Jesus didn’t waste any time, once he started his public ministry, in forcing people to have an opinion about him. Here we have a pair of stories in which Jesus first acted in a way that could only have been justified if he was God himself. And then flouted and contradicted their rules and dared them to confront him about it.

a.) Claimed to be God (v.5)

The lengths the friends went to in order to get their paralysed buddy in front of Jesus was impressive. But not really that surprising, given Jesus’ burgeoning reputation as a healer with miraculous powers, and definitely not the point of the story. If I thought that trashing someone’s straw-and-mud roof, which could quickly be repaired, was the price of getting a paralysed person healed, there’s quite a long list of people I’d be prepared to do that for. No big deal.

What IS a very big deal indeed is the miraculous healer guy claiming to be God. First, he identifies the man’s real (spiritual) problem as distinct from what he THOUGHT his problem was (physical); then (without being asked) Jesus fixes it.

Which is of course a parallel for Jesus’ entire mission:

He came as the long-awaited Messiah whom people were looking forward to seeing liberate them from the physically oppressive regime of the Romans. A great and impressive military leader to whom they could all look and say ‘Wow, he’s awesome’. Pretty much like they did with King Saul 1,000 years earlier.

He repudiated that idea utterly by being born into poverty in dubious family circumstances, and having a Dad who young. During his ministry he mixed with the outcasts, got rejected by almost everyone and died in humiliating agony as a criminal…and by so doing brought salvation to all mankind.

Even as Christians our relationship with God can easily slip into being rather more ‘please rescue me from the Romans’ than we’d like to admit; we need to focus more on the ‘please make me more like you’.

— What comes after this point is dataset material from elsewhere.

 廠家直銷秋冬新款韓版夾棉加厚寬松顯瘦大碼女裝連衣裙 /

b.) Ate with openly immoral people (v.15)

The Pharisees thought this would stop God from saving the Israelites from their enemies, and was considered to be the mingling with anti-God people that God had prohibited and was the cause of much of ancient Israel’s immorality. Except of course that God was talking about intermarriage, not dinner…one is rather more serious a commitment than the other! But the rules they put around this were a theme for the religious leaders that Jesus picked up on at other times in his ministry. So for example the command not to work on the Sabbath was codified by the Pharisees to say that, for example, there was a set distance you were allowed to walk (less than a mile). That was OK. But if you walked further than that distance you were suddenly in breach of the Ten Commandments and risking God’s wrath on the whole country. So they made it all a massive deal and effectively controlled the people through theological emotional terrorism.

c.) Claimed that eating with openly immoral people is an obviously God-honouring thing to do (v.17)

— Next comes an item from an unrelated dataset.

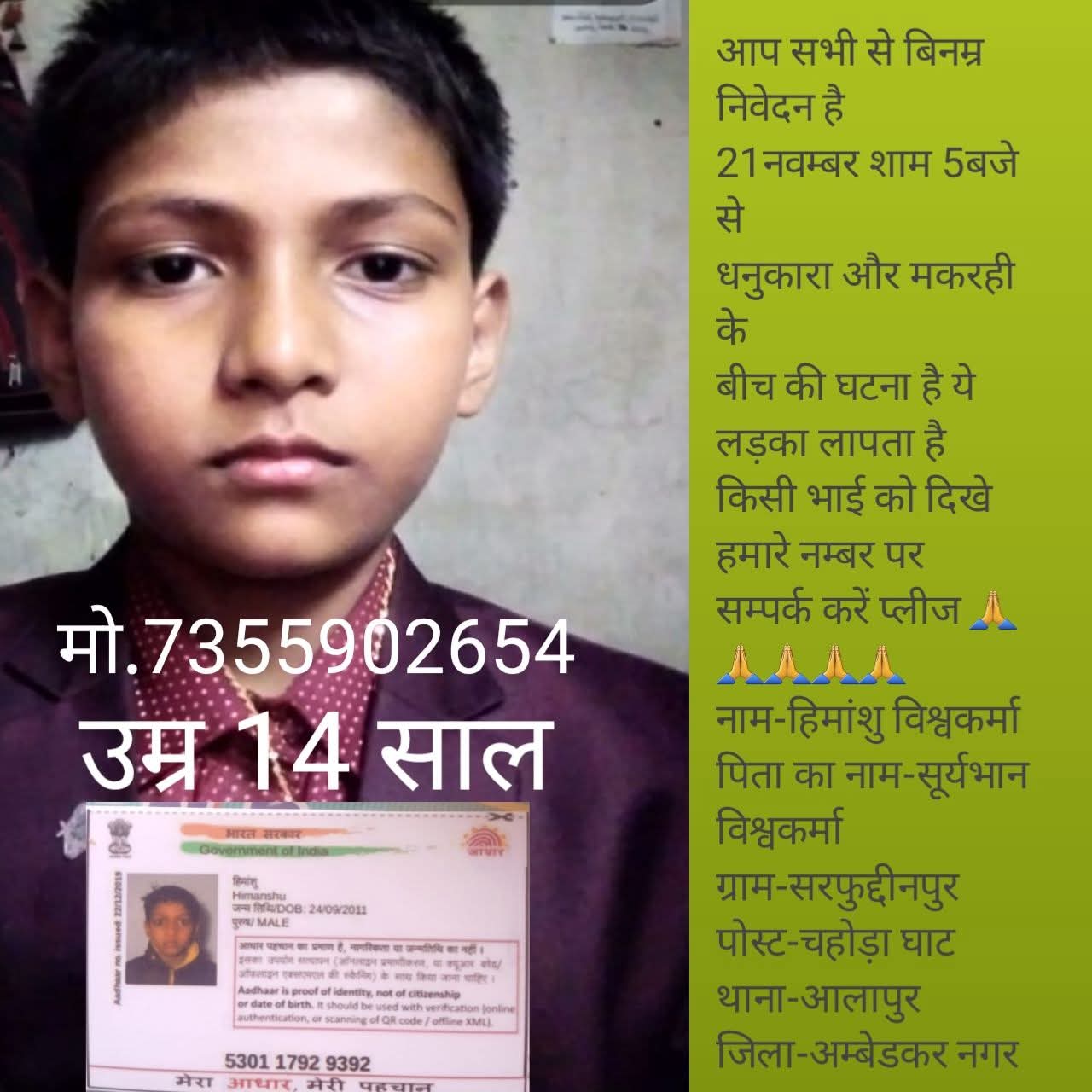 21 November se baccha gayab hai police khojne me nakam pura parivar pareshan hai

A word of caution here: Jesus was in someone’s house eating with them, not just hanging out with them in a general socialising kind of way. He was not close friends with those people and not spectating their enjoyment of evil (see Psalm 1:1), but he knew the value of putting himself at their level by sharing a meal with them. He combined a ‘come to me’ approach of public speaking with a ‘I’m with you’ strategy of being in their lives so he could more appropriately speak into their lives.We reach the lost – in the first instance – by getting to know the lost, and genuinely caring about them – not merely regarding them as projects.